Nouspique is an investigation into the power words and images hold over our lives. What that means is, itself, the subject of an ongoing investigation. Nouspique, then, is a meta-investigation. It is a space to work things out.
Working Things Out
Let me share a childhood memory—words and images. Aching to pee, I barged into the bathroom and found my grandfather in the throes of a difficult bowel movement. He looked up from his effort and, maybe noting the astonishment on my face, smiled. My astonishment was compounded by the fact that my grandfather was a theologian who had a study lined with books in Latin, Koine Greek, and Hebrew, and whose strict moral bearing announced itself through his physique which was gaunt and severe. To my childhood self, it was inconceivable that such a man would need to shit. Working things out. It is an image that lingers, and I remember it against a backdrop of floating letters, iotas and upsilons, alephs and gimels. It is my hope that visitors to this site, behaving as I did when I was a child, will barge in on me in the act of working things out, and (sometimes, I hope) will respond with astonishment, not the blunt astonishment of disgust, but the more sociable astonishment of feeling one’s complacency unseated.
In Principio
In its earliest days (2004), Nouspique climbed out of the slimy blog and evolved until, assuming a hairy apelike form, it declared itself an investigation into the power of words.

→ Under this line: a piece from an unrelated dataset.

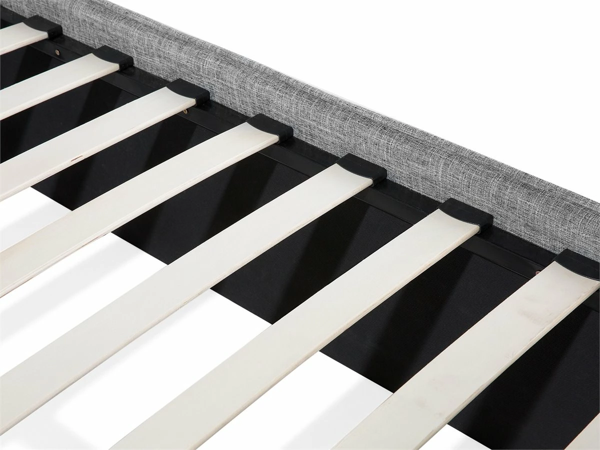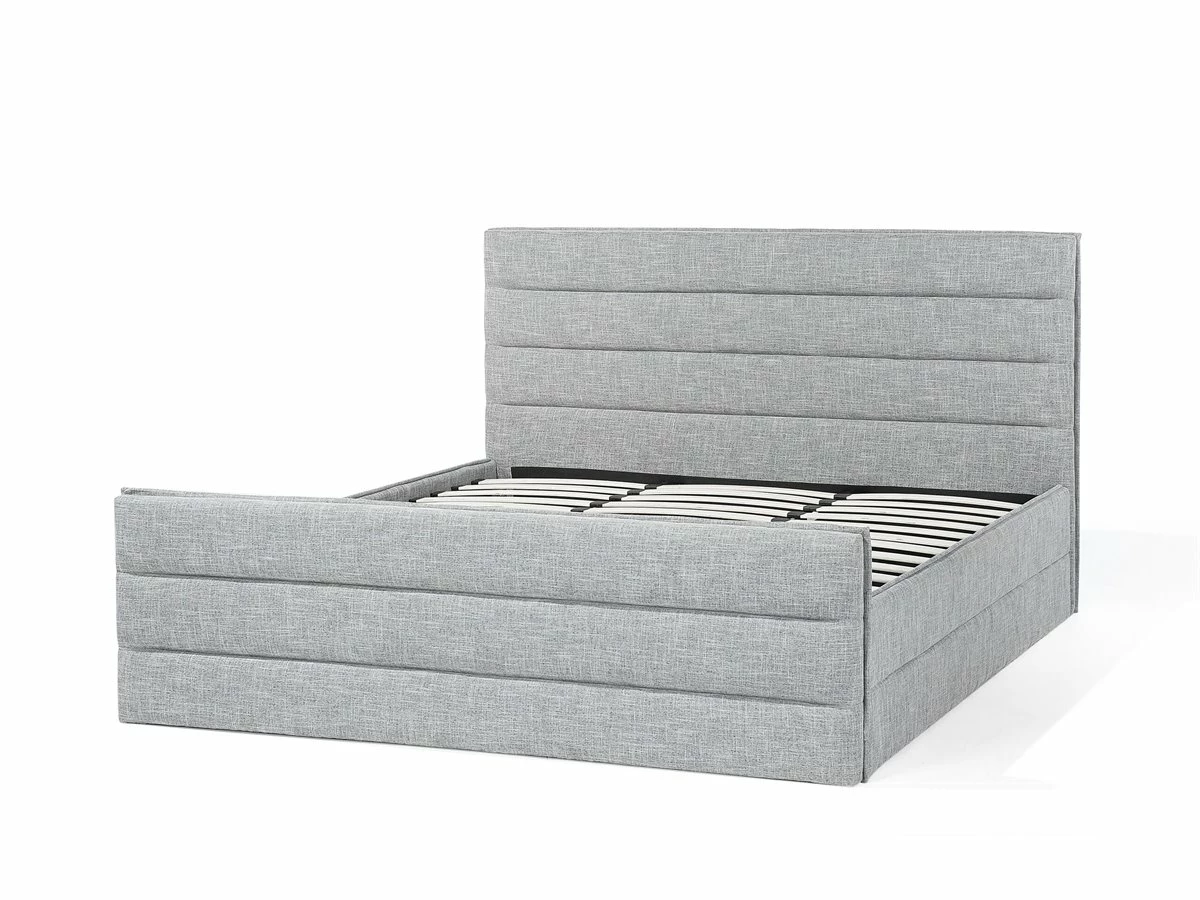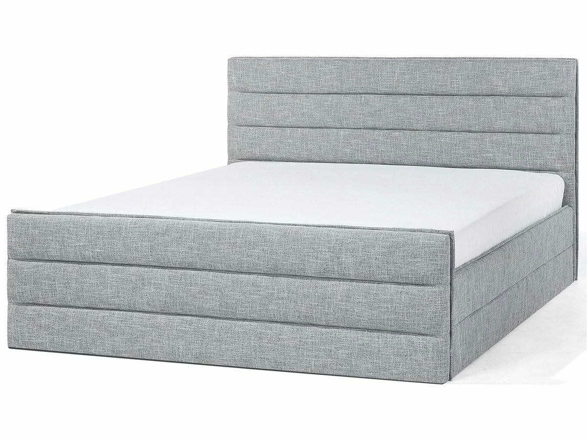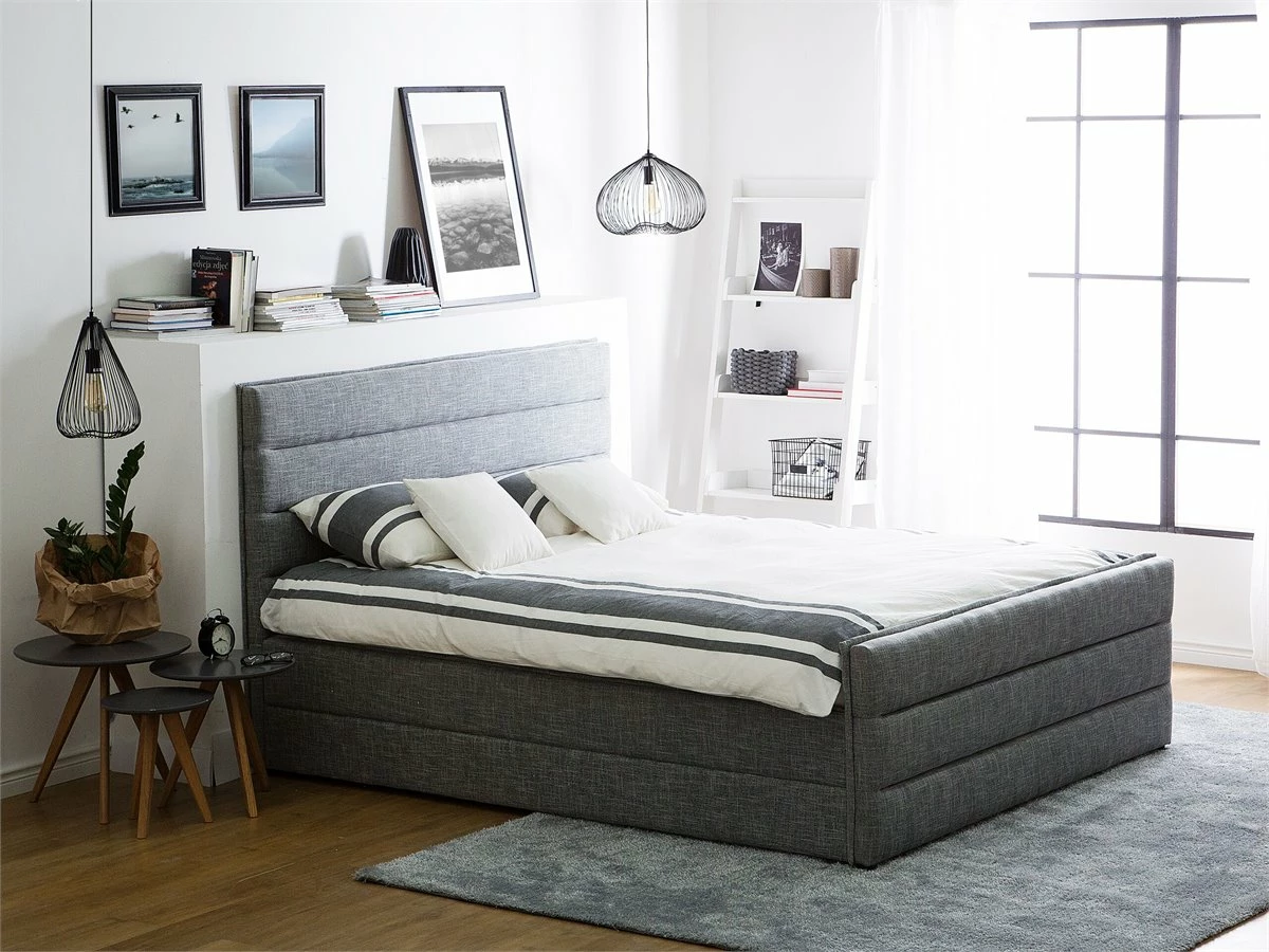 Cama de diseño moderno. Añade elegancia y funcionalidad a tu dormitorio con esta cama con somier. Está fabricada a partir de tela de poliéster de alta calidad. Las líneas horizontales en el cabecero y en el pie de cama aportan un toque de modernidad. El estilo definido combina bien con cualquier interior. Detalles: Tipo de Producto: Cama matrimonial Estilo: Moderno Color: Gris Tonalidad: Gris oscuro Tipo de material: Tejido Material principal: Poliéster Material adicional: Material sintético Composición del Material: 85% Poliéster Parte posterior tapizada: No Dimensiones: Dimensiones del reposacabezas: 191×114 Ancho: 216 cm Longitud: 191 cm Altura: 114 cm Superficie para dormir: 180×200 cm Peso: 58 kg Capacidad de peso: 300 kg La oferta incluye: 1 x Estructura de cama, 1 x Somier (39 listones flexibles, No incluye: colchón y ropa de cama Ventajas: Ancha superficie del asiento, Ideal para todo tipo de decoración, Diseño moderno, Acolchado de alta calidad, No requiere mantenimiento regular, Estructura duradera y sólida Información de montaje: Requiere montaje completo. 20-40 min. Información adicional: La altura del colchón visible en la imagen es de 20 cm. Consejos de mantenimiento: Poliéster: 1.Limpiar con champú seco y una esponja húmeda o un limpiador suave 2.Aspire con un accesorio adecuado.

This was a natural evolution given my formal education, degrees in each of English literature, Law, and Theology. From its own point of departure, each of these disciplines had equipped me with interpretive strategies when approaching text. For ten years, I proceeded to work things out in this manner. I have assembled some of my investigations in a convenient ebook which you are free to download here. After ten years, I began to wonder about the power of images and let Nouspique’s wordy concerns slide.
Photomania
The shift to images was not strange for me. I have been making images as long as I have been making words. When I was five, my father gave me a Kodak Instamatic, a few rolls of film, and my first advice: Son, don’t put your finger in front of the lens. This was soon followed by more advice about framing, keeping a straight horizon line, and using my feet as my zoom. But these subsequent investigations persuade me that photography is not a discrete category. Like a poem, or a Supreme Court decision, or a parable, a photograph can be understood as both a thing unto itself subject to interpretation, and as an interpretation of a wider text, the world at large. As such, it has at its disposal the same interpretive tools which are available to its wordier correlates. One need only read Roland Barthes, Susan Sontag, or Geoff Dyer to know that this is so.
Synaesthesia
I experience what is known as Ordinal Linguistic Personification, an inconsequential manifestation of synaesthesia. I perceive ordered sequences of numbers and letters as gendered and with distinctive personalities. In a similar vein, I have synaesthetic-ish experiences whenever I have a migraine headache. Like most sufferers with classic migraine symptoms, I experience fortification hallucinations. The curious thing about these visual hallucinations is that they respond to sound. They shimmer when people speak to me; they explode when someone slams a door. Personal experience teaches me that the distinctive categories we create in the direction of our interpretive practice are arbitrary. They arise from the accidental features of human cognition that persuade us our five senses function independently of one another. Why limit ourselves in this way? Posing that question to myself, I add images to my wordy investigations and resurrect Nouspique as a space to throw discrete sensory experiences into collision with one another.